The Biggest Risk to an Organization

I've heard it said that organizations that were designed to succeed in the 20th century are doomed to fail in the 21st. Sure enough, in the past 20 years, disruption has altered the faces of many industries. No industry seems immune as we've seen hotels, taxis, movies, gaming, long distance calling, cameras, etc. all upended. Many of the affected companies knew where the source of disruption was coming from, but they lacked the focus, vision, agility, nimbleness, or decisiveness to get the job done themselves. 

Very few of the disrupted companies would claim that they failed to manage risk effectively. After all, they likely did not fall because of a lawsuit, operational blunder, or single financial misstep. Companies are successful due in large part to their ability to manage such risks. But the task of risk management seems to have changed faster than organizations could adapt. A mighty adversary has emerged that now threatens traditionally rock-solid companies, and many companies are blind to it. This new threat is Strategic Execution Risk, or the risk of not executing on a stated strategy.

Let's define "strategy" as the aim of transforming an organization from what it is today to what it needs to become before it's too late. A well-articulated strategy allows employees to understand the direction a company is moving and the tactics they're likely to employ to get there. 

A common contributor to strategic execution risk is where the strategy is not well-articulated. I've been part of organizations that thought their strategies were well articulated, but failed to measure whether employees truly understood. Communication must be measured, not just communicated. Strategic articulation should be so clear that any employee, regardless of their role in the organization, understands where the organization is headed. Consider a sea of employees each metaphorically wandering the streets of Paris. The strategy should be their Eiffel Tower: If you tell them that's where we're headed, they can simply look up and head that direction.

While strategic articulation issues can easily be overcome, mitigation of strategic execution risk is tricky business. The same tools that are used in other risk management planning efforts can be applied. Complexity arises, however, when we see that the same measures that are taken to prevent risk in other parts of the company are adding to strategic execution risk. Consider a company that has a strategic goal of digitizing its major product lines before the competition beats them to it. In order to execute that strategy, they may need a rapid, major overhaul of their marketing and IT departments that requires immediate layoffs and rapid talent acquisition which must occur faster than their traditional approaches allow. By the time HR and Legal have given their opinions on the how the matter should be handled, the competition may have already passed them by.

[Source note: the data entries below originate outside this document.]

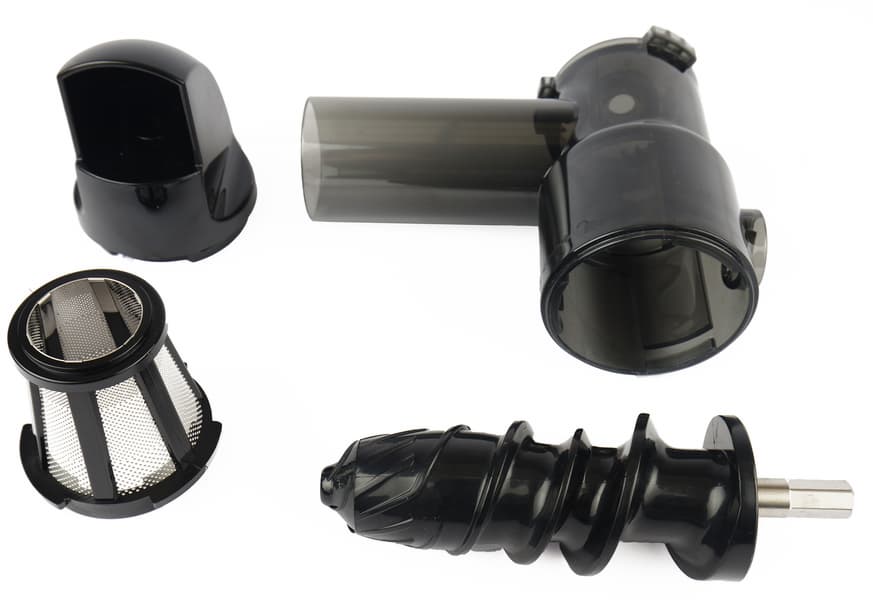 Загрузочный блок соковыжималки выглядит внушительно, но фильтр довольно миниатюрный — осенний урожай яблок, видимо, придется перерабатывать очень долго. Тем более горловина тоже узкая — пролезет только четвертинка небольшого яблока. А вот шнек похож на элемент буровой установки. Отверстие для сока находится в нижней части загрузочного блока, а для вылетающего жмыха предназначена насадка-крышка, надевающаяся на отжимной блок спереди.
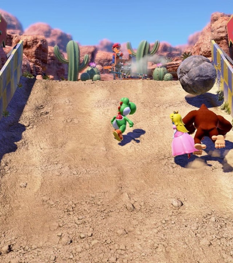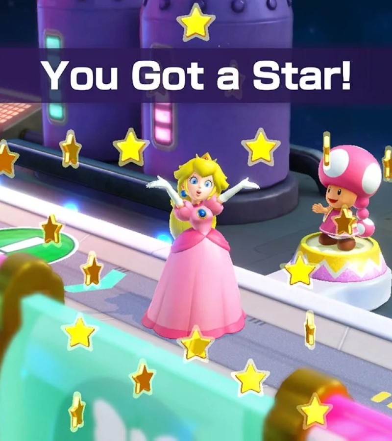 Calling all Superstars! Mario Party™ is back with 5 classic boards from the Nintendo 64 Mario Party games. Frosting meets flowers as you race to get the most stars (and sabotage your opponents) on the Peach’s Birthday Cake board from the original Mario Party game. Or watch the countdown that unleashes Bowser Coin Beam and hold onto those coins on the Space Land board. The tides can turn quickly in Mario Party, so stay vigilant, partygoers. 100 classic minigames return from the Nintendo 64 and Nintendo GameCube™ games and more! Try your hand at a Superstar collection of minigames from throughout the Mario Party series. Whether you are saving up coins for stars in board game mode or practicing in free play, there is nothing quite like being the last one standing in Mushroom Mix-Up or Shy Guy Says. All minigames are played with button controls, so you can stick to the Joy-Con™ controller or bust out the Nintendo Switch™ Pro Controller or a Nintendo Switch Lite system. Party with superstars. Bring the party anytime, anywhere with same-system* or local wireless*. Matches with friends in board game mode save each turn, so feel free to take a break and pick up where you left off. Use stickers to praise or pester fellow players as you race across the board collecting stars.
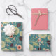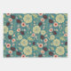 Flowers Pink Green Floral Pattern Wrapping Paper Sheets

What would it look like for a 20th century organization to prioritize strategic execution risk mitigation approaches ahead of others? 

It requires swift decisions that appear to be high risk by traditional measures, but are, in effect, risk-mitigating because they reduce strategic execution risk. For instance, if the potential cost of not executing is greater than the cost of not dotting i's on human resource practices, the traditional HR rules must be broken. Executive teams must be willing to make such trade-offs to advance the company. 

It also requires a realization that decision-making is complex, not linear. Most traditional risk mitigating policies seem linear. That is, action A leads to outcome B. For example, if a legal review is required of each and every HR matter (A), it will reduce legal risk (B). There are so many of these seemingly linear rules in Corporate America, that decision makers become complacent. Some may believe these to be the best rules for the organization, regardless of circumstance. However, decision makers should be valued not for their ability to enforce or implement linear risk mitigation policies, but rather for their ability to recognize where the situations are complex, and to take action despite the added complexity. 

After all, the decision not to act is a decision. In this case, the decision to allow traditional risk mitigation measures to delay or trump a measure that mitigates strategic execution risk is, in fact, a decision. And it's a poor decision: one that can prevent a company from transforming to what it needs to become... before it's too late.